Когда Линда тоже пошла в школу, мне вверили заботу о ней: переводить ее через мост над рекой Скулкилл, всегда и везде держать ее за руку. Когда зимой кружила вьюга, мы пробирались по мосту, вцепившись друг в друга, страшась порывов ветра. Ну разве могла я поделиться с невинной сестрой своими мучительными переживаниями? Мало мне было зависти, страшного греха, – я еще и стала мелкой воровкой. По ночам чувствовала: брошка тут, рядом, и серьезность проступка в моем понимании нарастала. Я боялась, что брошка восстанет из-под половиц, глянет укоряюще: фигурка в юбке с воланами, на серебряных коньках.

Несколько дней я невольно поднимала глаза к окну Стефани: мерещилось, что она меня зовет. Решила сознаться – не втихую подложить брошку в шкатулку, а чистосердечно признаться. Положила брошку в карман, постучалась к Хольтам. Нервно дожидалась, пока откроют. Открыла ее мать, сказала: “Приходи на днях, сегодня нельзя”. На следующий день я опять пришла. Мать Стефани, чем-то обеспокоенная, рассеянно глянула на меня и снова сказала, что Стефани не в состоянии принимать гостей. Я угрюмо поплелась домой; брошка, завернутая в салфетку, осталась в моем кармане. Несколько дней спустя, после уроков, я еще раз сунулась к Стефани. На сей раз мне не открыли, и я ушла, растерянная, с ощущением, что от меня отгородились. Снова убрала замусоленную салфетку с печальной контрабандой под половицы. Пришел февраль, и сурок увидел свою тень.
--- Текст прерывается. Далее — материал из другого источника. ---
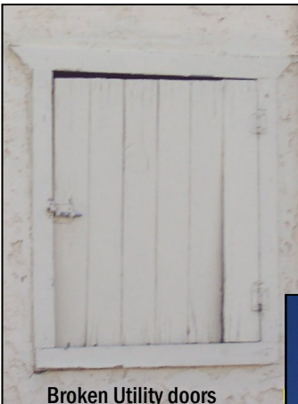
Broken Utility doors

The Annual Walk Around was done Saturday, Feb. 16th. Homes with exterior walls, stucco, parapet, fascia boards, outdoor light fixtures, utility doors, garage doors, and overgrown vegetation in need of maintenance or repair were noted. Per Art V, Sec 5.04B of the DCC&R's, the Board must use a reasonable high standard so that the Lots as a whole will reflect a high pride of ownership. Because of the well maintained homes in our community over the years, the Villas' home $ values remain consistently high. (See page 4 for Handyman & Landscaping Helpers)
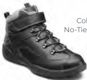
9410 Color: Black No-Tie Elastic Lace
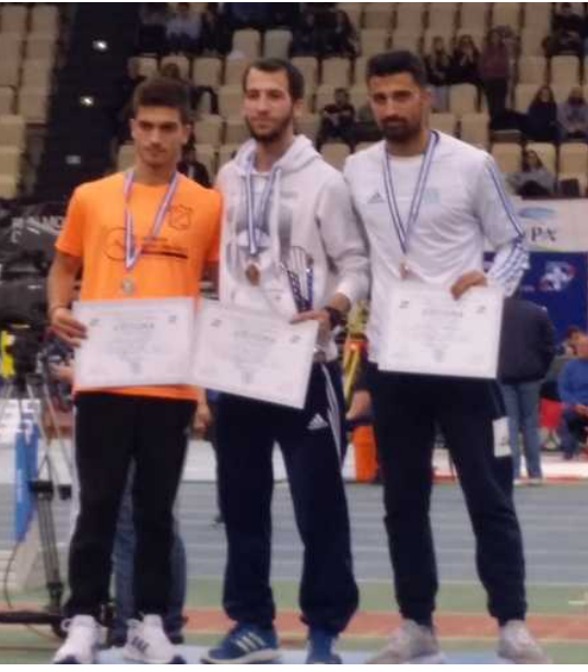
Men's and women's fields and podium placings
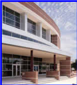
MARY MCLEOD BETHUNE PERFORMING ARTS CENTER 2004 Grant - $500,000

The ECHO Grants-In-Aid Program is a “bricks-and-mortar” program that provides grant funds to finance acquisition, restoration, construction, and/or improvement of facilities to be used for environmental/ecological learning, cultural, historical/heritage, or outdoor recreation purposes that must be open for public use. Applicants to the ECHO Grants-In-Aid program must be not-for-profit 501(c)(3) organizations incorporated in the State of Florida with their principal place of business located in Volusia County, municipalities located within Volusia County, or budgeted departments within the County of Volusia Government. ECHO awards are issued annually by the County Council.
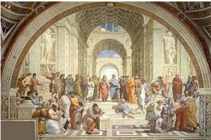
(The School of Athens by Raphael. This Renaissance painting shows an imaginary scene from Ancient Greece, with many famous Greek philosophers, writers, artists and mathematicians. Raphael has used the faces of lots of famous people from his own time. He has used Leonardo da Vinci as his model for Plato, the philosopher with the white beard in the centre.)

1) The word Classicism , in the arts, is used when talking about art from the Ancient Greeks and Romans and their influence. The art of classicism often involves a thoughtful approach to the arts in which beauty and form is admired, rather than passion or any kind of exaggeration. Classicism influenced several periods in European history, especially the Italian Renaissance, Age of Reason, the Age of Enlightenment and some movements in Modernism. Classicism can apply to painting, sculpture, architecture, music, dance, literature or philosophy.
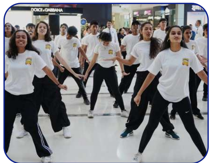
CRY NGO - Educating a Girl Child without interruptions
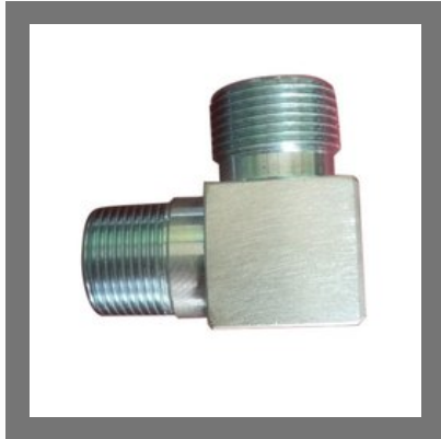
3/8 Inch Male Elbow
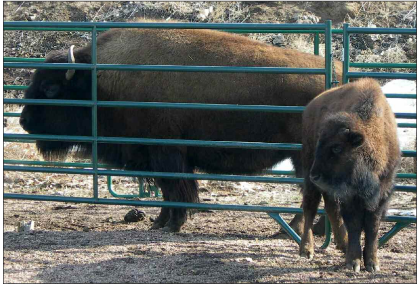
Ralphies IV and V together in November 2007

Ralphie III , donated by the C-Club, was pressed into action earlier than anticipated, as she had been in training for the 1988 season. Originally named "Tequila," she made her debut on Nov. 7, 1987, when the Buffs beat Missouri, 27-10. After over 10 years of service, she passed away in January 1998, at the age of 13.
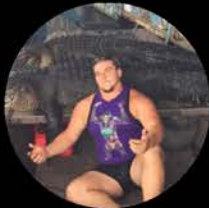
"ZZ" Loupe Louisiana Alligator & Gar Guide
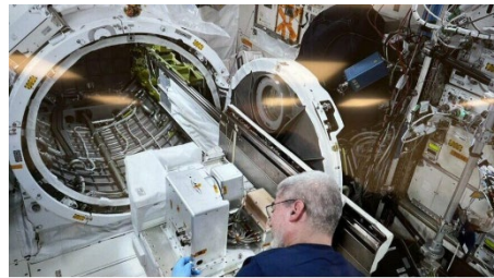
Astronaut on the International Space Station ISS assembling the components.
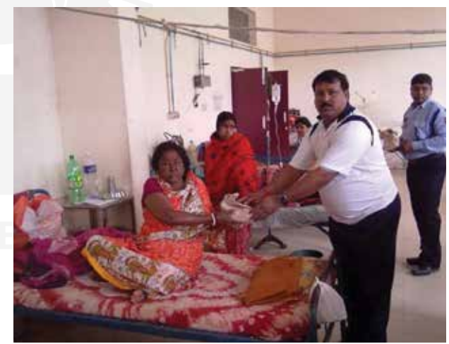
Health Care organized by Unit at Kalyani.

Our unit at Aurangabad adopted a school "Gurukul Vidyamandir" at Bhangsi Mata Gad and provided Doctor facility with free medicines and pathology assistance. About 40 students were benefited through by this initiative. Our Unit at Srikakulam organized an Eye Screening Camp at a school premise in the Bantupally Village benefiting about 120 villagers. Regular medical camps are organised by our units at Ludhiana, Odisha, Aurangabad and Nanjungud where free consultation and medicines are provided.
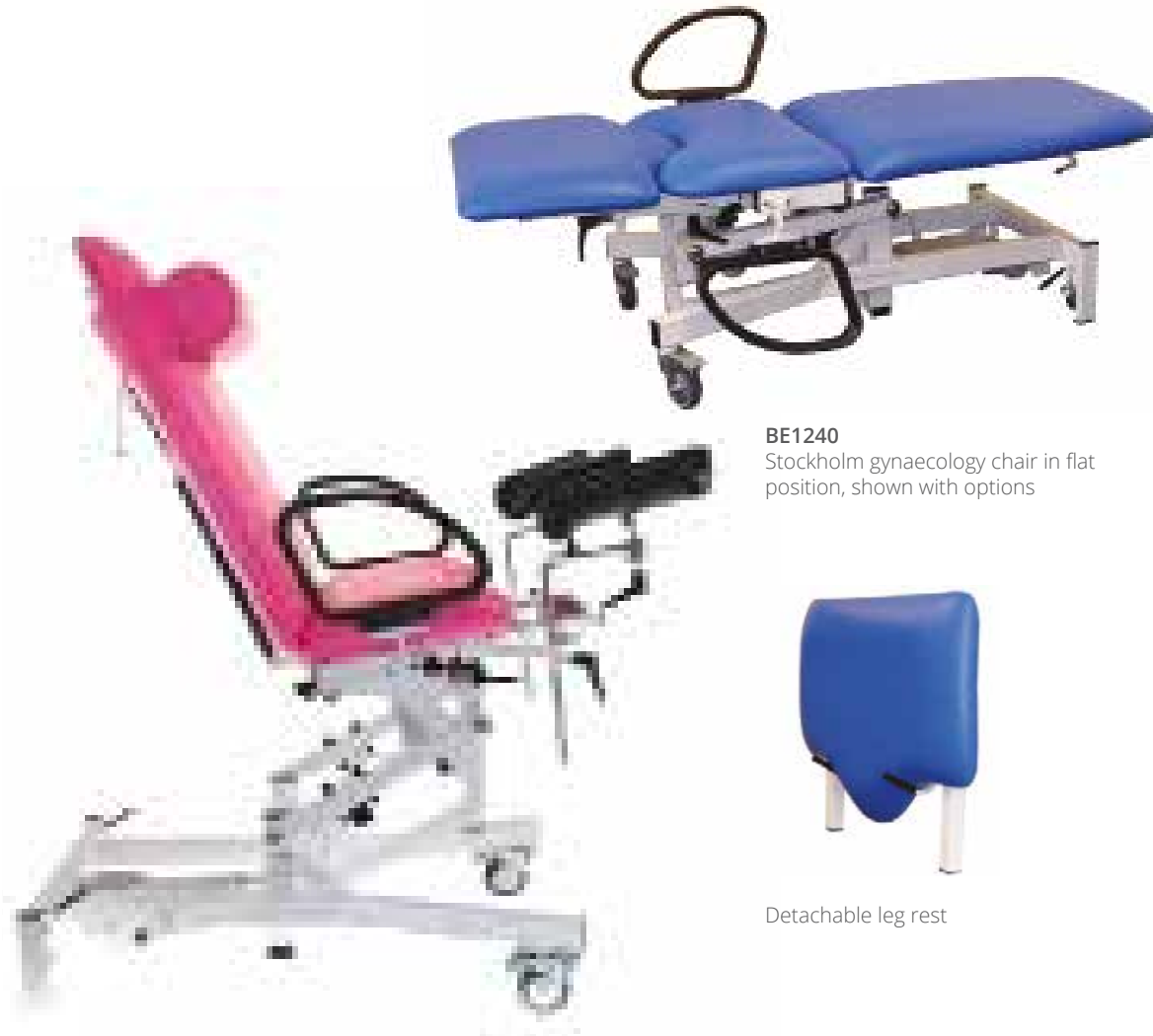
BE1240 Stockholm gynaecology chair in flat position, shown with options

Practical and simple, the Stockholm is an excellent cost effective choice offering key features such as electrical height and tilt adjustment, easy clinician access, detachable leg support and the ability for it to be transformed to a couch when the leg support is attached.

Я читала сестре и брату “Дика Трейси”, разложив на полу воскресную газету. Дело было вечером, в воздухе висело огромное напряжение. Обычно мы втроем залезали в ванну, мама отмывала нас по очереди, а потом мы надевали пижамы и всей семьей смотрели начало “Шоу Эда Салливана”. Но в тот вечер пришла какая-то незнакомая женщина, уложила нас спать рано. Оказалось, Стефани увезли в больницу, и соседей попросили сдать для нее кровь. Мои родители долго не возвращались, и я не могла заснуть. Помню головную боль, а еще странное ощущение – словно я в каком-то другом мире. Я уговорила нашу временную няню разрешить мне лечь на зеленом штофовом диване, укрывшись одеялом. Няня смотрела телевизор, а я пыталась вообразить, что сейчас происходит в больнице, – плохо представляла себе, что значит “сдавать кровь”. У меня была новая мантра: “Пусть тебя обойдет беда”; я беззвучно декламировала ее, обращаясь к Стефани.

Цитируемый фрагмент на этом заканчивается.